Yine, InnerSource en iyi uygulamaları tüm 1000 kişinin katkıda bulunmasını sağlamayacaktır. InnerSource bu tür işbirliğini teşvik etmeye yardımcı olur, ancak nihayetde kurumsal siloları kırmayı, geleneksel organizasyonel kısıtlamalar tarafından engellenen işbirliğini geliştirmeyi, bilgi silolarından kaynaklanan teslim sürelerini azaltmayı ve açık kaynak uygulamalarını kullanarak organizasyonel kaynak tahsisini optimize etmeyi amaçlar.
Sonuç #
Bu vakadaki argümanlar bazı gerçek zorluklara değinse de, birçok insanın InnerSource hakkında ilk öğrendiklerinde karşılaştıkları yaygın yanlış anlamalara dayanıyor. Bunlar toplulukta iyi bilinen tuzaklardır ve birinin bu alanı daha derinlemesine keşfetmeden bu sonuçlara nasıl varabileceğini anlamak mümkündür.

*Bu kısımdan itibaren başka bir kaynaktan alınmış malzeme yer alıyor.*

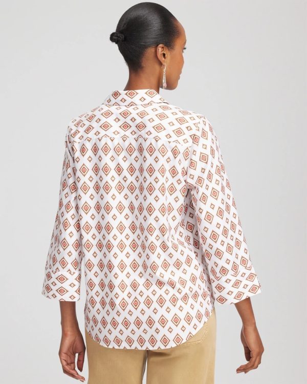 Our instantly bestselling No Iron™ shirt showcasing a geo-print motif. We can’t keep our classic fit No Iron™ stretch-sateen shirts in stock. This ready-to-wear right out of the dryer (without the hassle of ironing) top moves with you effortlessly for all-day comfort. It’s a straight silhouette with a point collar. Flawless every time in any season, whether on its own or as a base layer. Designed with a stylish tie-front and gusset. This button front pairs perfectly with jeans or pants.
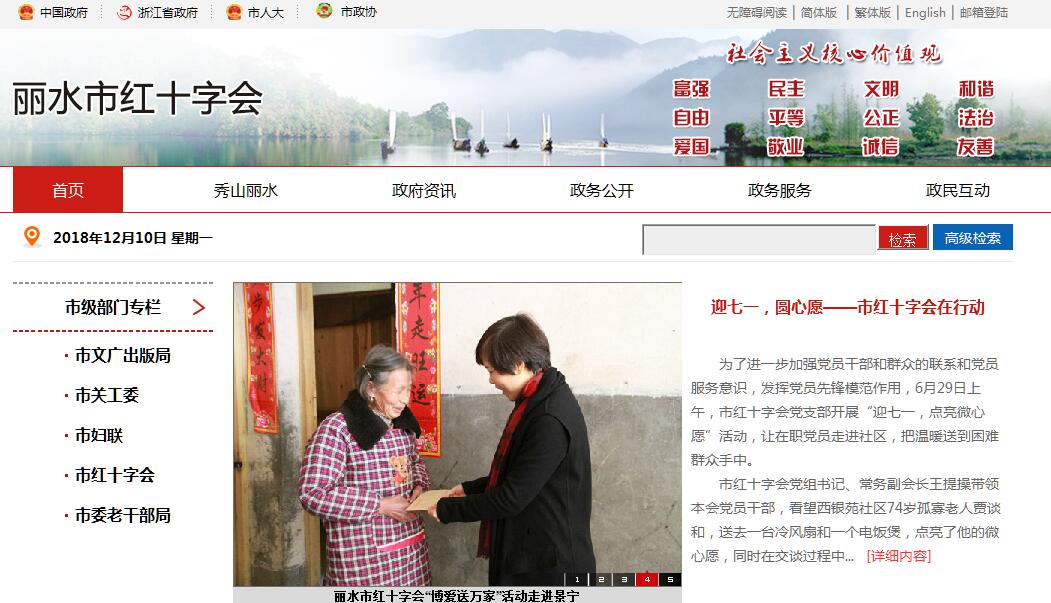 麗水市紅十字會,是中國紅十字會的地級分會,是從事人道主義工作的社會救助團體,以弘揚“人道、博愛、奉獻”的紅十字精神,保護人的生命和健康,促進人類和平進步事業(yè)為宗旨。麗水市紅十字會始建于1988年9月。2000年7月,麗水撤地設市,麗水地區(qū)紅十字會更名為麗水市紅十字會。2002年4月24日,召開麗水市紅十字會第一次會員代表大會,選舉產生麗水市紅十字會第一屆理事會理事34人。選舉莊志清為會長,孟文賢為常務副會長,鄭利劍、藍資霞為副會長,陶小芳為秘書長。2007年9月28日,麗水市紅十字會第二次會員代表大會在麗水召開,這是麗水市紅十字會發(fā)展史上的一個重要里程碑。大會聘請市委書記樓陽生,市委副書記、市長陳榮高為名譽會長,市人大副主任劉國安、市政協副主席韋鐵民為名譽副會長,選舉產生麗水市紅十字會第二屆理事會理事45名。選舉莊志清為會長,邱務土、鄭利劍、汪帆、江春松為副會長,項金平為專職副會長,任命陶小芳為秘書長。其主要職責:根據《中華人民共和國紅十字會法》和《中國紅十字會章程》,麗水市紅十字會主要履行以下職責:1、宣傳、貫徹、執(zhí)行《中華人民共和國紅十字會法》,開展備災、救災工作。2、普及應急救護和常見疾病預防知識,開展初級現場救護培訓,組織群眾參加意外傷害和自然災害的現場救護。3、依法開展募捐活動和人道主義救助工作。4、宣傳和推動無償獻血;開展造血干細胞、遺體(器官)捐獻工作,預防控制艾滋病宣傳和健康教育、關愛艾滋病病毒感染者工作。5、吸收會員、招募志愿者開展社會服務及社區(qū)紅十字服務工作。6、開展有益于青少年身心健康的紅十字青少年活動。7、參加國際人道主義救援工作,開展與國際紅十字組織和各國紅十字會的交流與合作。
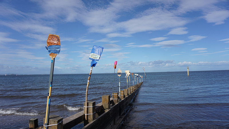 As part of the ART WALK’S ‘All At Sea’ programme, Jenny created a series of masked forms relating to the precautions workers took to protect themselves from the heat as they unloaded the ceramics, installed along one of Portobello’s beach groynes.

Temel anlayış, InnerSource’un açık kaynak uygulamalarını katı bir çerçeveye zorlamakla ilgili olmadığıdır. Bunun yerine, temel soruya dönmekle ilgilidir: açık kaynaktan ne öğrenebiliriz? Açık kaynağı daha geniş bir lens aracılığıyla inceleyerek, bu ilkeleri dahili olarak daha iyi adapte edebiliriz.
Bu konuşmaya katılabilir ve yeni bakış açıları getirebilirsiniz. Bu tartışmayı geliştirmek, daha spesifik uygulama ayrıntılarını keşfetmek, hatta bu argümanları tamamen sorgulamak istiyorsanız - tüm yaklaşımlar hoş karşılanır. En önemli olan, açık kaynak öğrenimleri ve bunların dahili organizasyonel bağlamlara nasıl çevrildiği konusunda geniş perspektifi korumaktır.
InnerSource hakkında kapsamlı bilgi için, InnerSource Commons Foundation’ı kontrol etmenizi öneririm. Çeşitli bakış açılarını ve açık kaynak ilkelerinin organizasyonlar içinde nasıl değer yaratabileceği konusundaki devam eden diyalogu memnuniyetle karşılıyorlar.